### Recorded data
###

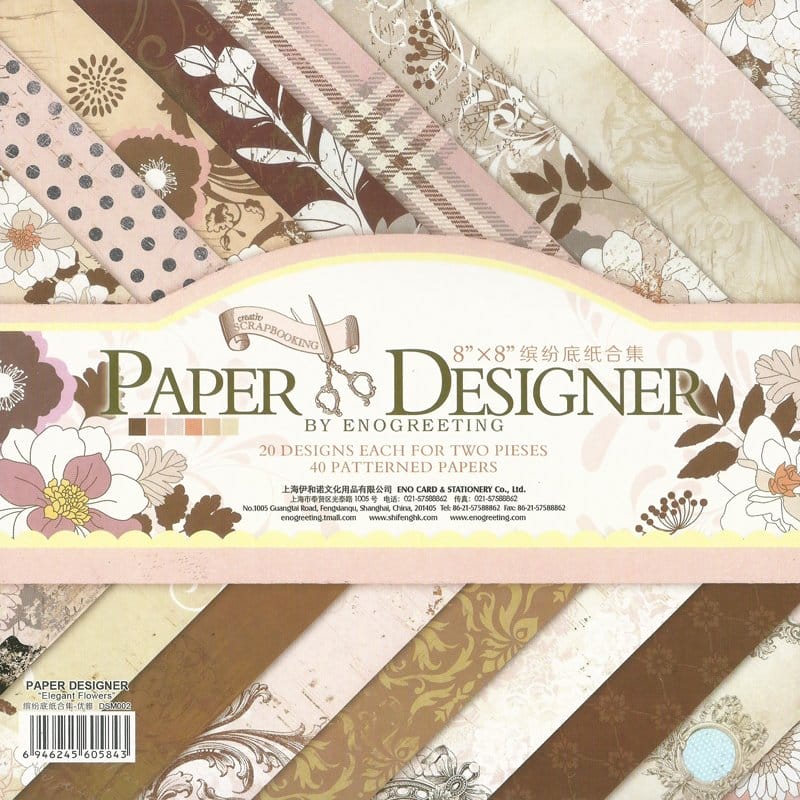8x8 EnoGreeting Scrapbook paper pack - Elegant Flowers (Set of 40 sheets)
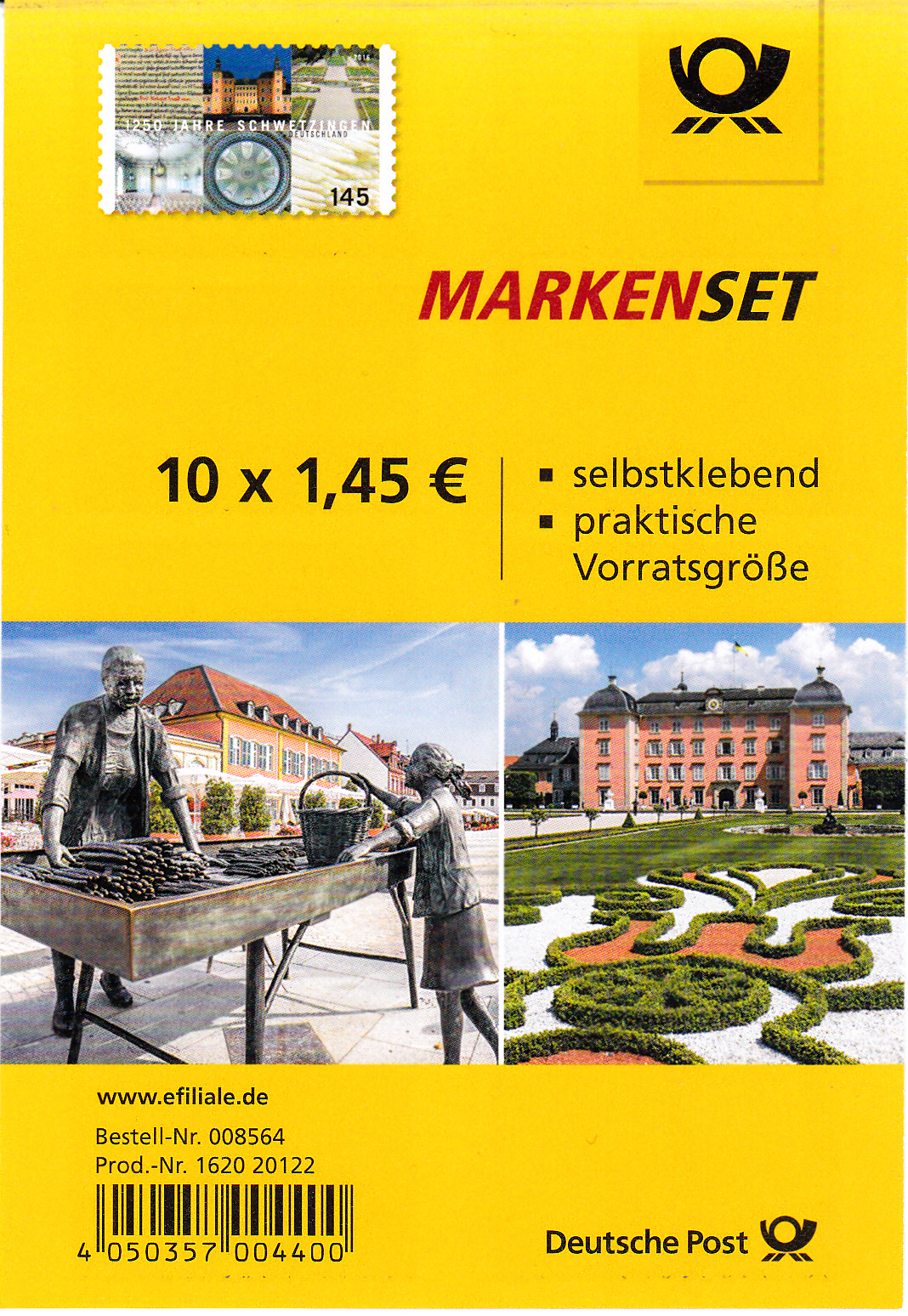 Die Marke "1250 Jahre Schwetzingen" gibt es auch als selbstklebende Marke in einem etwas kleineren Format (MiNr 3221).
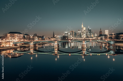 © Anita Gläßner, Naklejka premium Frankfurt at night, skyline reflection
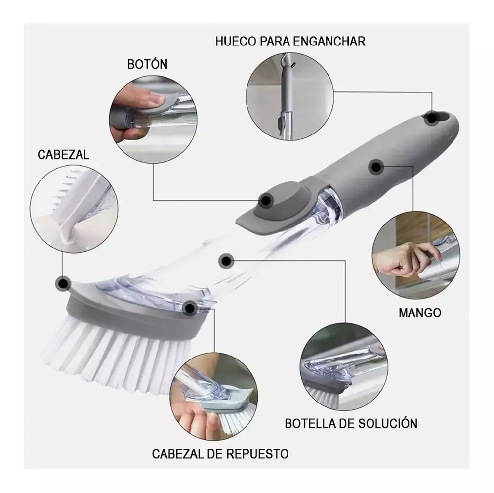 🧽 Cepillo Lavaplatos con Dispensador de Detergente y Cabezal Intercambiable
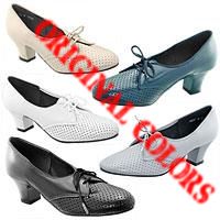 Perforated nappa leather oxford with 1 3/4" wrapped heel, steet sole.

###

### Exercise aim
An exact copy of every line above, minus the pictures, is the required output.

### Written reply
8x8 EnoGreeting Scrapbook paper pack - Elegant Flowers (Set of 40 sheets)
 Die Marke "1250 Jahre Schwetzingen" gibt es auch als selbstklebende Marke in einem etwas kleineren Format (MiNr 3221).
 © Anita Gläßner, Naklejka premium Frankfurt at night, skyline reflection
 🧽 Cepillo Lavaplatos con Dispensador de Detergente y Cabezal Intercambiable
 Perforated nappa leather oxford with 1 3/4" wrapped heel, steet sole.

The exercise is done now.